Directions for this task = What is printed must match, line for line, the records from their first line through the line containing "batik pria tangan", with pictures left out.

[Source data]
┌──

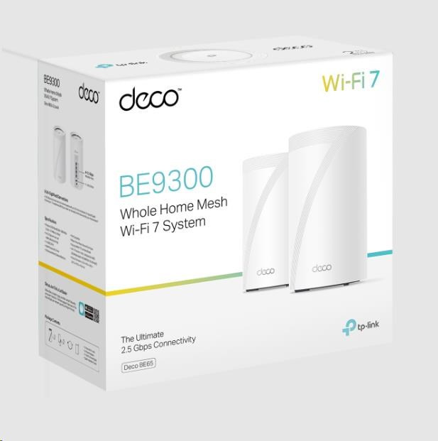TP-Link Deco BE65(2-pack) WiFi7 Mesh(BE9300,2,4GHz/5GHz/6GHz,4x2,5GbELAN/WAN, 1xUSB3.0)
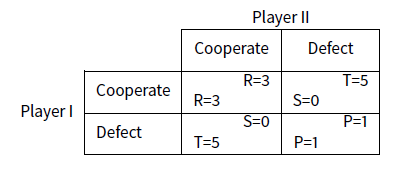 We require that \(T>R>P>S\) and \(T+S<2R\) The classical chosen values are \(\texttt{T = 5, R = 3, P = 1, S = 0}\), which gives: \(\verb|[c, c] -> 3 + 3|, \verb|[d, d] -> 1 + 1| , \verb|[d, c] -> 5 + 0|\).
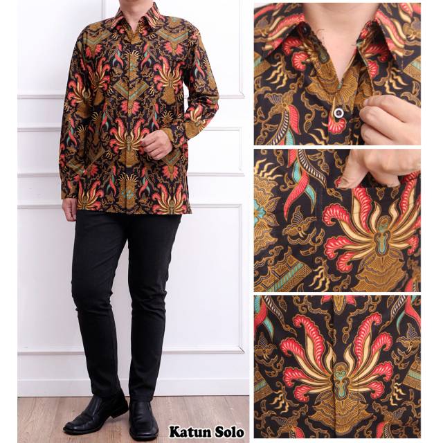 batik pria tangan panjang . bahan katun solo ( bahan menyerap keringat dan tidak berfuring / tidak pakai lapisan dalam ) bahan lembut , tidak luntur dan tidak menciut bila dicuci . ukuran M L XL
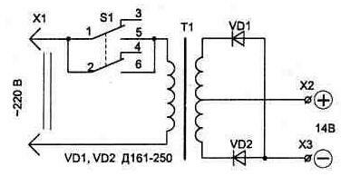 Сама схема пускового устройства довольно проста, но требует правильного изготовления сетевого трансформатора. Для него удобно использовать тороидальное железо от любого ЛАТРА — при этом получаются минимальные габариты и вес устройства. Периметр сечения железа может быть от 230 до 280 мм (у разных типов автотрансформаторов он отличается). Перед намоткой обмоток необходимо закруглить напильником острые края на гранях магнитопровода, после чего его обматываем лакотканью или стеклотканью. Первичная обмотка трансформатора содержит примерно 260...290 витков провода ПЭВ-2 диаметром 1,5...2,0 мм (провод может быть любого типа с лаковой изоляцией). Намотка распределяется равномерно в три слоя, с межслойной изоляцией. После выполнения первичной обмотки, трансформатор необходимо включить в сеть и замерить ток холостого хода. Он должен составлять 200...380 мА. При этом будут оптимальные условия трансформации мощности во вторичную цепь. Если ток будет меньше, часть витков надо отмотать, если больше — домотать до получения указанной величины. При этом следует учитывать, что зависимость между индуктивным сопротивлением (а значит и током в первичной обмотке) и числом витков является квадратичной — даже незначительное изменение числа витков будет приводить к существенному изменению тока первичной обмотки. При работе трансформатора в режиме холостого хода не должно быть нагрева. Нагрев обмотки говорит о наличии межвитковых замыканий или же продавливании и замыкании части обмотки через магнитопровод. В этом случае намотку придется выполнять заново. Вторичная обмотка наматывается изолированным многожильным медным проводом сечением не менее 6 кв. мм (например типа ПВКВ с резиновой изоляцией) и содержит две обмотки по 15... 18 витков. Наматываются вторичные обмотки одновременно (двумя проводами), что позволяет легко получить их симметричность — одинаковые напряжения в обоих обмотках, которое должно находиться в интервале 12...13,8 В при номинальном сетевом напряжении 220 В. Измерять напряжение во вторичной обмотке лучше на временно подключенном к клеммам Х2, ХЗ нагрузочном резисторе сопротивлением 5...10 Ом. Показанное на схеме соединение выпрямительных диодов позволяет использовать металлические элементы корпуса пускового устройства не только для крепления диодов, но и в качестве теплоотвода без диэлектрических прокладок ("плюс" диода соединен с крепежной гайкой). Для подключения пускового устройства параллельно аккумулятору, соединительные провода должны быть изолированными и многожильными (лучше, если медные), с сечением не менее 10 кв. мм (не путать с диаметром). На концах провода, после облуживания, припаиваются соединительные наконечники. Контакты включателя S1 должны быть рассчитаны на ток не менее 5 А, например типа ТЗ.
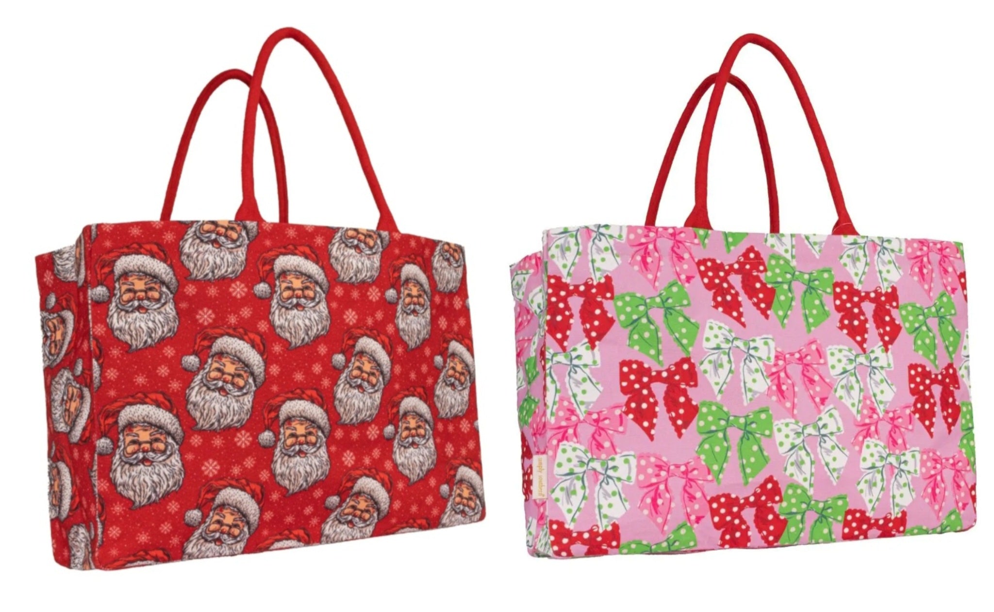 Carrying all your things has never been easier with this extra large canvas totes in assorted designs and colors. They feature contrasting color handles, wide base, and interior pocket with Simply Southern logo. Made of 100% polyester.
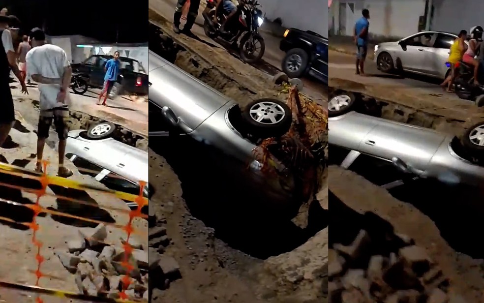 Carro cai em buraco em Feira de Santana, Bahia, durante obra. Motorista saiu ileso. Moradores pedem solução para evitar novos acidentes. Confira!
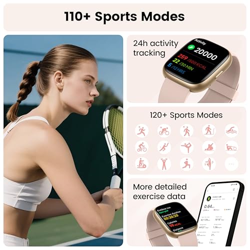 120+ Sport Modes and IP68 Waterproof: Fitness tracker supports 120+ professional sport modes, covering diverse indoor/outdoor activities like running, cycling, and soccer to suit all fitness levels. Equipped with high-precision sensors, fitness watch accurately tracks steps, distance, calories burned, and workout duration to help analyze performance and optimize training plans. With an IP68 rating, it’s resistant to sweat, rain, and handwashing (Not for swimming or hot showers)

└──

Output for this exercise =
TP-Link Deco BE65(2-pack) WiFi7 Mesh(BE9300,2,4GHz/5GHz/6GHz,4x2,5GbELAN/WAN, 1xUSB3.0)
 We require that \(T>R>P>S\) and \(T+S<2R\) The classical chosen values are \(\texttt{T = 5, R = 3, P = 1, S = 0}\), which gives: \(\verb|[c, c] -> 3 + 3|, \verb|[d, d] -> 1 + 1| , \verb|[d, c] -> 5 + 0|\).
 batik pria tangan panjang . bahan katun solo ( bahan menyerap keringat dan tidak berfuring / tidak pakai lapisan dalam ) bahan lembut , tidak luntur dan tidak menciut bila dicuci . ukuran M L XL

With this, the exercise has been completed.